No guarantee anymore and it can't be fixed. 
Sawgrass....nothing.....Ricoh .....nothing 
Machine completely death. I have to buy a new one to sublimatie again. 

What can I do about it? Did anyone have this problem too?


----------



## mgparrish (Jul 9, 2005)

jetske2001 said:


> I had my Ricoh 7000 for one year and 3 months now. My new installed (about 1 month ago) cartridges started leaking and my machine went down.
> No guarantee anymore and it can't be fixed.
> Sawgrass....nothing.....Ricoh .....nothing
> Machine completely death. I have to buy a new one to sublimatie again.
> ...


It's not the main problem with Ricoh, but others had this issue. Most users have power overload problem caused by the ink, but some have cart leaks

http://www.t-shirtforums.com/dye-sublimation/t132123.html#post780138


----------



## jetske2001 (May 13, 2007)

I am shocked that a company like Sawgrass doesn't take its responsibilty! 
What can we do about it?


----------



## mgparrish (Jul 9, 2005)

jetske2001 said:


> I am shocked that a company like Sawgrass doesn't take its responsibilty!
> What can we do about it?


 
http://www.t-shirtforums.com/dye-sublimation/t160848.html#post957240


----------



## Riderz Ready (Sep 18, 2008)

jetske2001 said:


> I am shocked that a company like Sawgrass doesn't take its responsibilty!
> What can we do about it?


It is seems they had two choices - recall the printers and stop selling them or just simply deal with the issues on an individual basis. Guess which one would have cost them the most money not only now but long term. Realize the patents are ending on the Epsons. The cartel must have a new platform to move people over to that will be protected with patents for decades. Without this they are in real trouble. They recall the Ricohs what do they have for the future? This is not just an Sawgrass issue this is also about all the distributors that kept selling these printers knowing the problems yet for 9 months have claimed the issue is resolved.

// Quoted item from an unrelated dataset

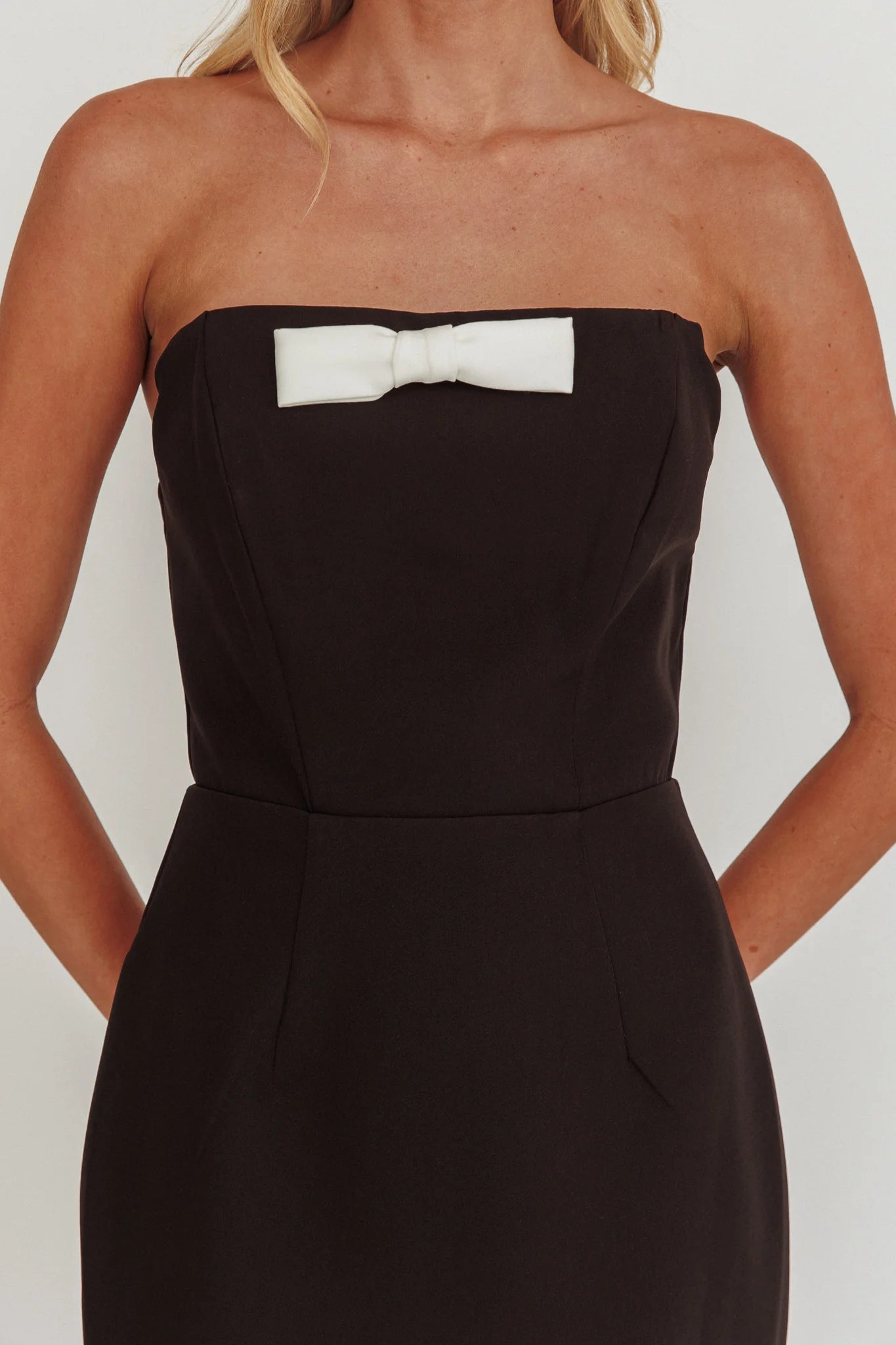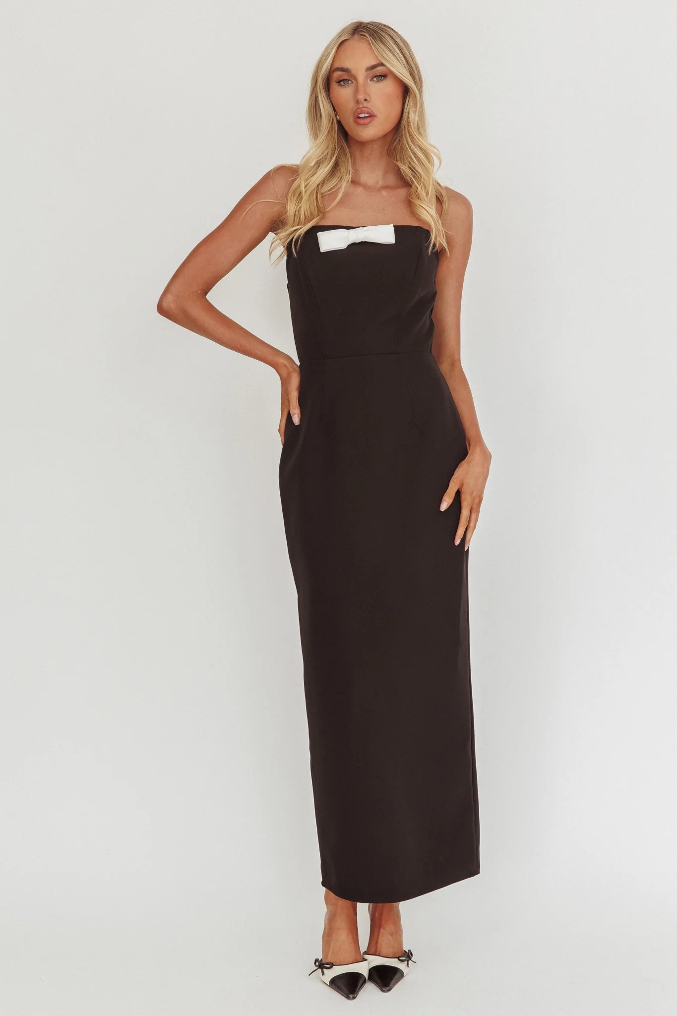 Make an entrance in our chic Cocktail Party maxi dress. It features a classic, strapless design and bow detail in the neckline. It's perfect for a birthday soiree or a special event. Team it with black heels and a clutch for a head-turning look.

The one thing that Sawgrass and their distributors did not foresee was the power of a forum like t-shirt forums. It is very clear that without this forum consumers would have no idea the scope of this issue. They surely would have never been informed this is a common problem and thought they just had bad luck. 

If you truly read through the threads on Ricoh issues, especially the GX7000, you will see all the misleading and contradictory statements. 

As Mike said - there really is only one thing you can do about it - spend your money elsewhere.


----------



## Big Al (Feb 3, 2008)

jetske2001 said:


> I had my Ricoh 7000 for one year and 3 months now. My new installed (about 1 month ago) cartridges started leaking and my machine went down.
> No guarantee anymore and it can't be fixed.
> Sawgrass....nothing.....Ricoh .....nothing
> Machine completely death. I have to buy a new one to sublimatie again.
> ...


Yep just happened to me yesterday, phoned Magic Touch and the guy there tells me the inks are caustic and cause the heads to go down and 2 years max is all you can expect out of a machine, I have done about 200 prints on mine and I am bloody angry about this. 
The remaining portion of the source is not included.